Supplied material =>
- Opening Delimiter -

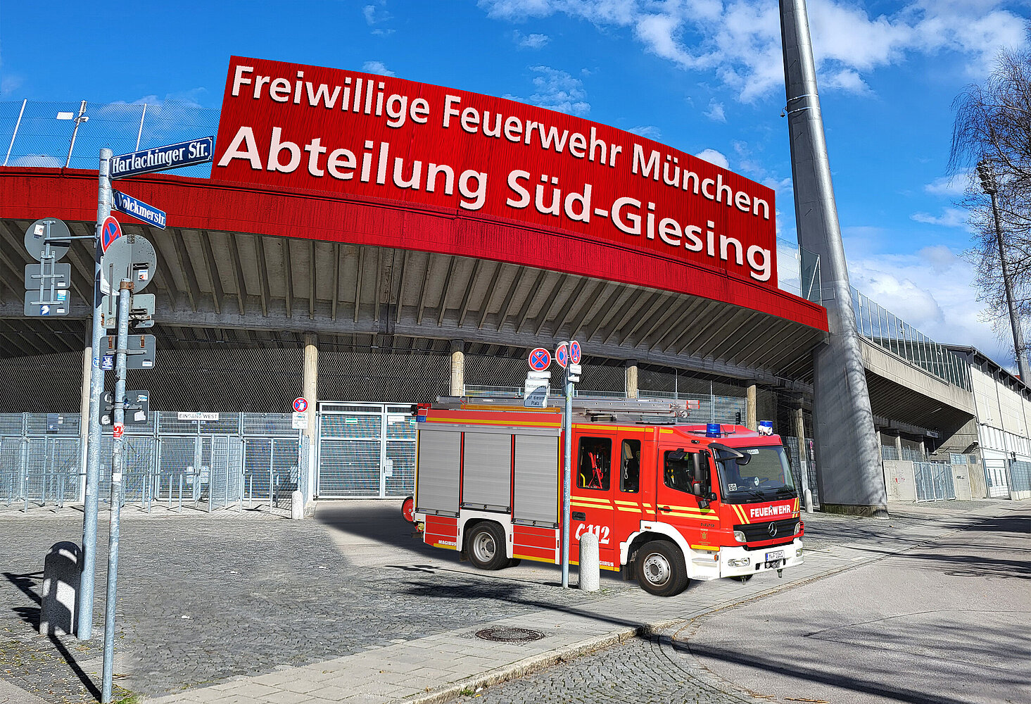 Die Standortwahl fiel auf das Städtische Stadion an der Grünwalder Straße, im Volksmund kurz Sechzgerstadion genannt. Die Voraussetzungen wären ideal gewesen, so Stadtbrandrat und Kommandant der FF München Claudius Blank. „Die Verkehrsanbindung ist optimal, das Ausrückgebiet ergänzt die bestehenden Gerätehausstandorte sehr gut und das Stadion war bereits in städtischer Hand“ so Blank weiter.
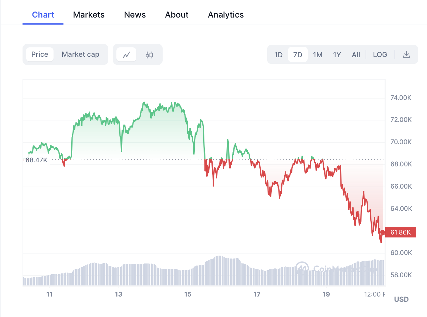 3月20日,比特币价格一度跌破6.1万美元/枚,截至下午3点,比特币报价6.17万美元,较上周创下的7.35万美元历史高位回落15%。比特币市值也随之回落到1.22万亿美元。
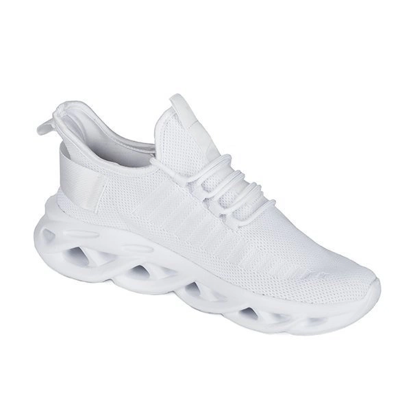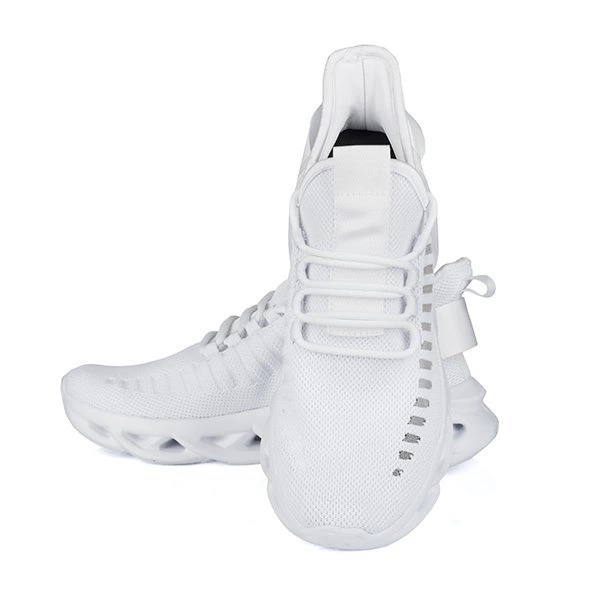 Sportowe buty podwyższające BARTOLOMEO wykonane z materiału w kolorze białym, umieszczone na białej podeszwie.
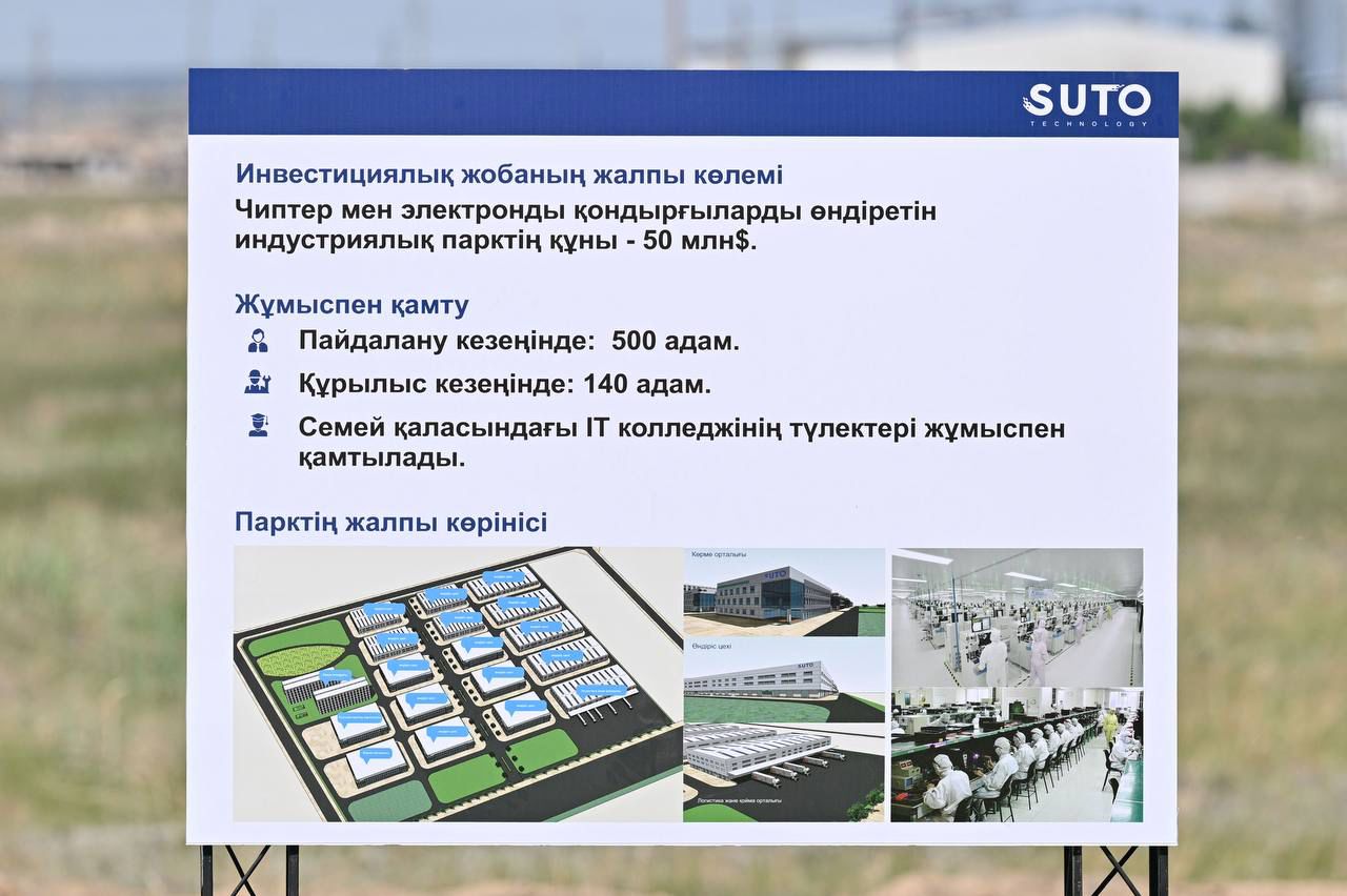 Проект реализует казахстанско-китайская совместная компания ТОО "Suto Kazakhstan" на территории индустриальной зоны «Өндіріс» в Семее. На новом предприятии будут производить чипы, оптоэлектронные модули, интеллектуальные хост-контроллеры, блоки питания, энергосберегающие лампы и электронные дисплеи.
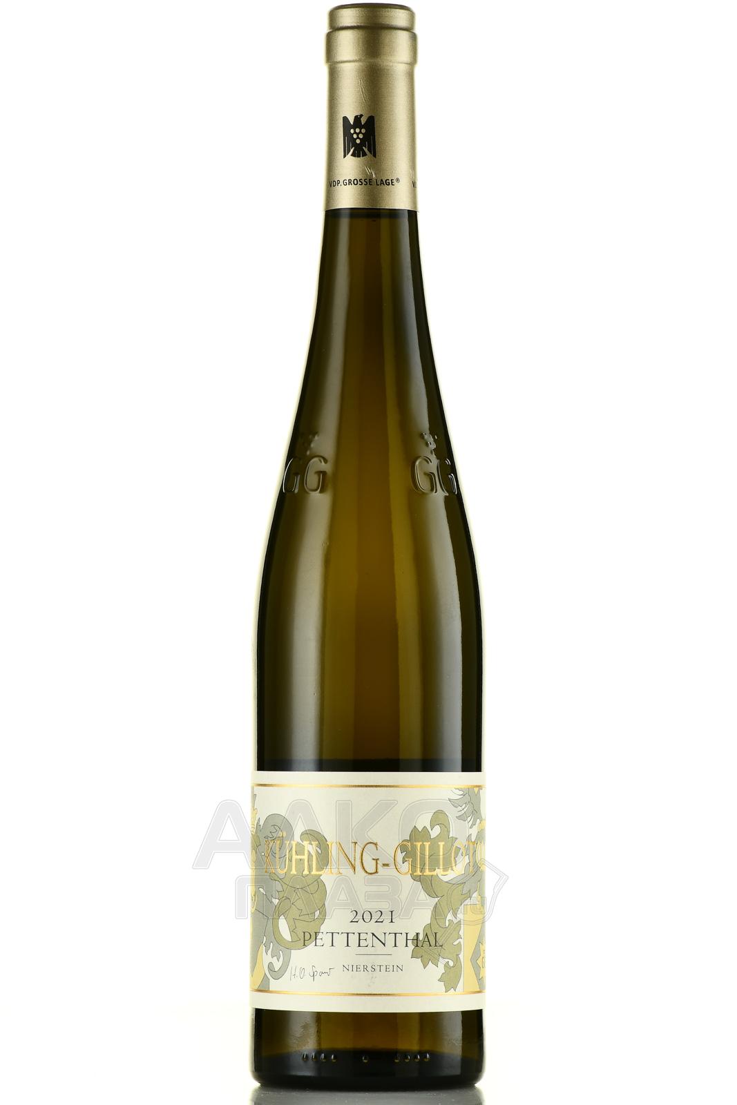 Белое сухое вино Kuhling-Gillot Nierstein Pettenthal Riesling Rheinhessen 2021 года 0,75 л — одно из лучших в линейке хозяйства Кюллинг-Гиллот из немецкого региона Рейнхессен. Оно имеет категорию GG, которая соответствует Гран Крю. Используемый для производства сорт Рислинг культивируется на отдельном винограднике Петентхаль — это очень крутой участок с уклоном почти 70 градусов и каменистой почвой. Тонкий верхний слой — гумусовый. Уход за старыми лозами (минимум 30-40 лет) осуществляется в рамках органических и биодинамических агротехник. Большая часть работ выполняется вручную. Для создания премиального вина использовался максимально спелый виноград категории ауслезе ручного сбора. Ферментация протекала в стали при низкой температуре, выдержка — в стальных резервуарах и дубовых фудрах по 3000 л. Вариация из урожая 2021 года будет храниться в бутылке не менее 10 лет.
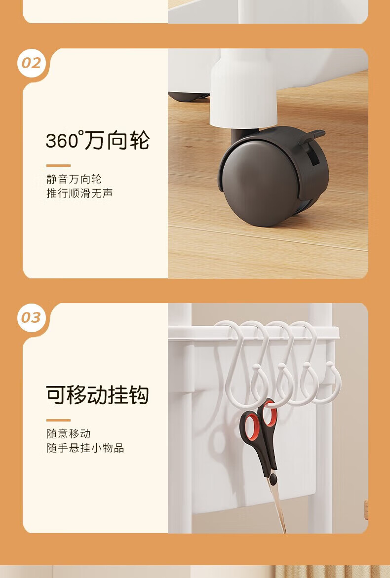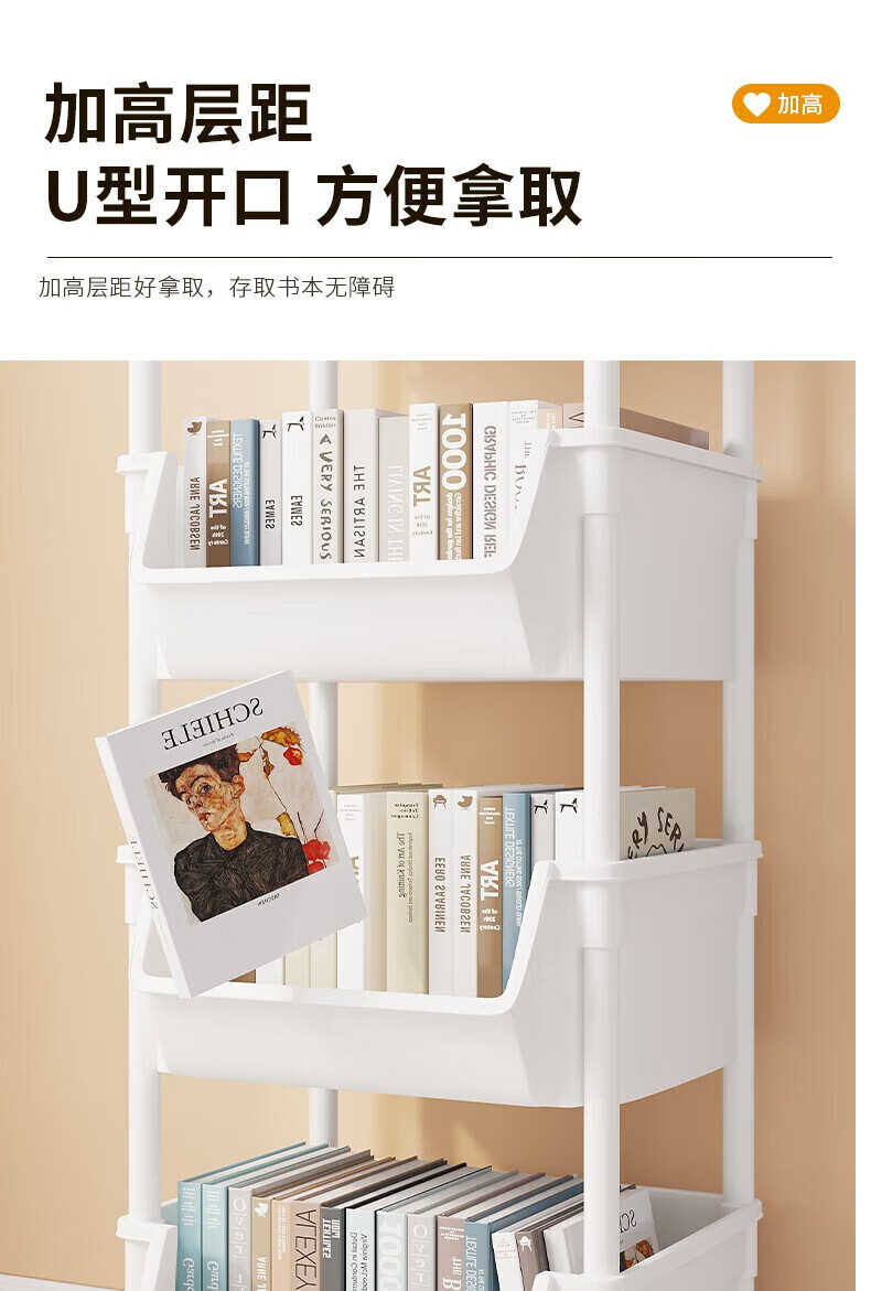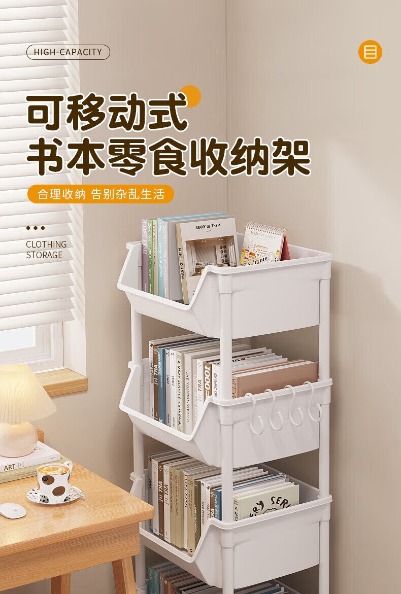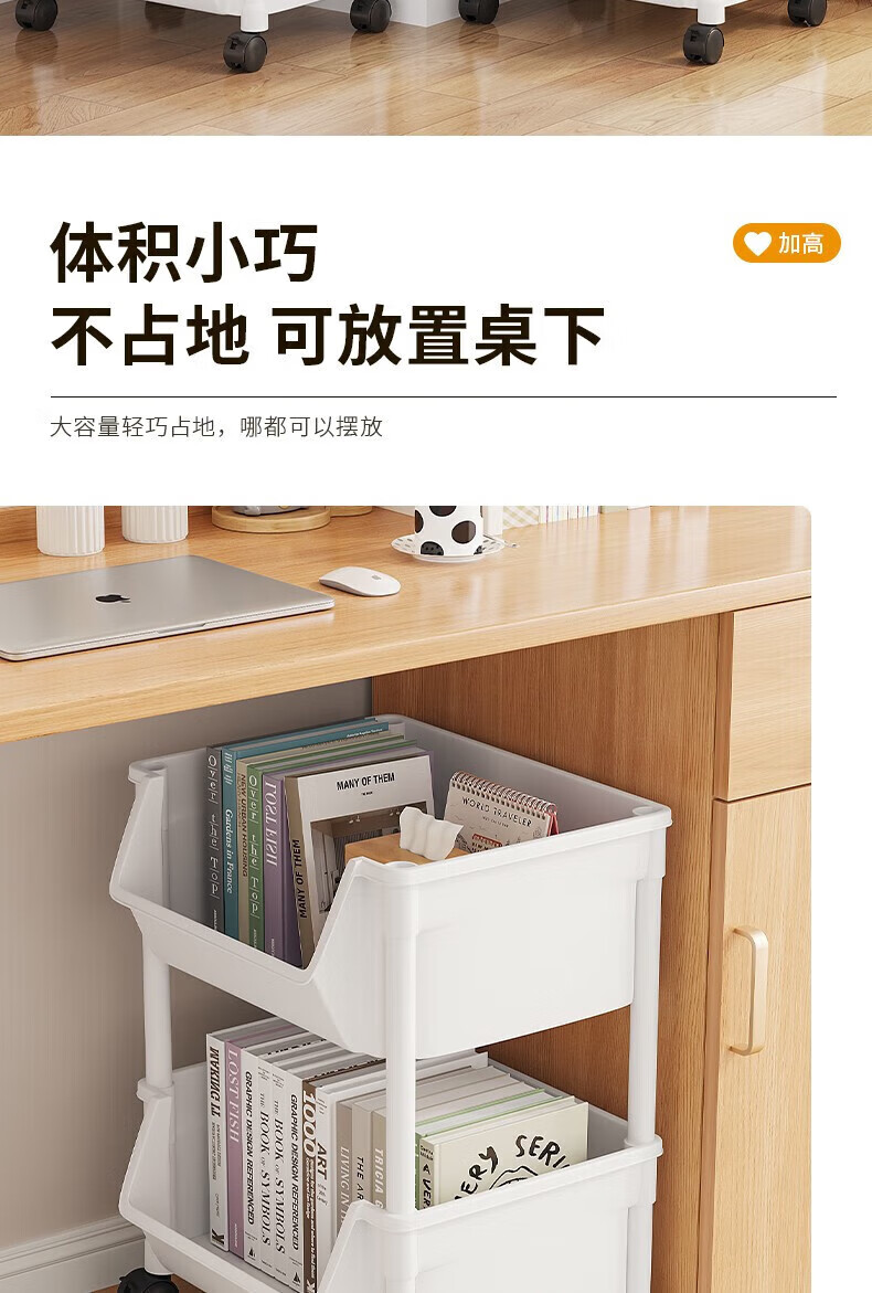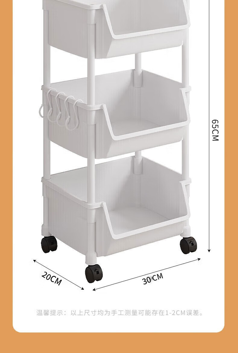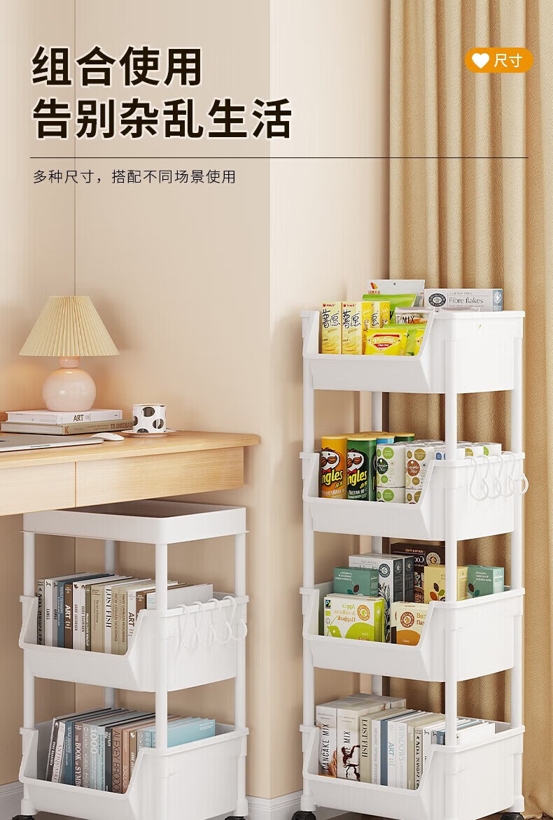 小推车置物架落地浴室移动零食卫生间多层卧室床头多层收纳储物架 3层白-开口【加大加厚款】

- Closing Delimiter -

What to work on => Repeat the listing above up to and including the line with "Проект реализует казахстанско-китайская", starting from its first line. Drop any pictures.

Output for this task =>
 Die Standortwahl fiel auf das Städtische Stadion an der Grünwalder Straße, im Volksmund kurz Sechzgerstadion genannt. Die Voraussetzungen wären ideal gewesen, so Stadtbrandrat und Kommandant der FF München Claudius Blank. „Die Verkehrsanbindung ist optimal, das Ausrückgebiet ergänzt die bestehenden Gerätehausstandorte sehr gut und das Stadion war bereits in städtischer Hand“ so Blank weiter.
 3月20日,比特币价格一度跌破6.1万美元/枚,截至下午3点,比特币报价6.17万美元,较上周创下的7.35万美元历史高位回落15%。比特币市值也随之回落到1.22万亿美元。
 Sportowe buty podwyższające BARTOLOMEO wykonane z materiału w kolorze białym, umieszczone na białej podeszwie.
 Проект реализует казахстанско-китайская совместная компания ТОО "Suto Kazakhstan" на территории индустриальной зоны «Өндіріс» в Семее. На новом предприятии будут производить чипы, оптоэлектронные модули, интеллектуальные хост-контроллеры, блоки питания, энергосберегающие лампы и электронные дисплеи.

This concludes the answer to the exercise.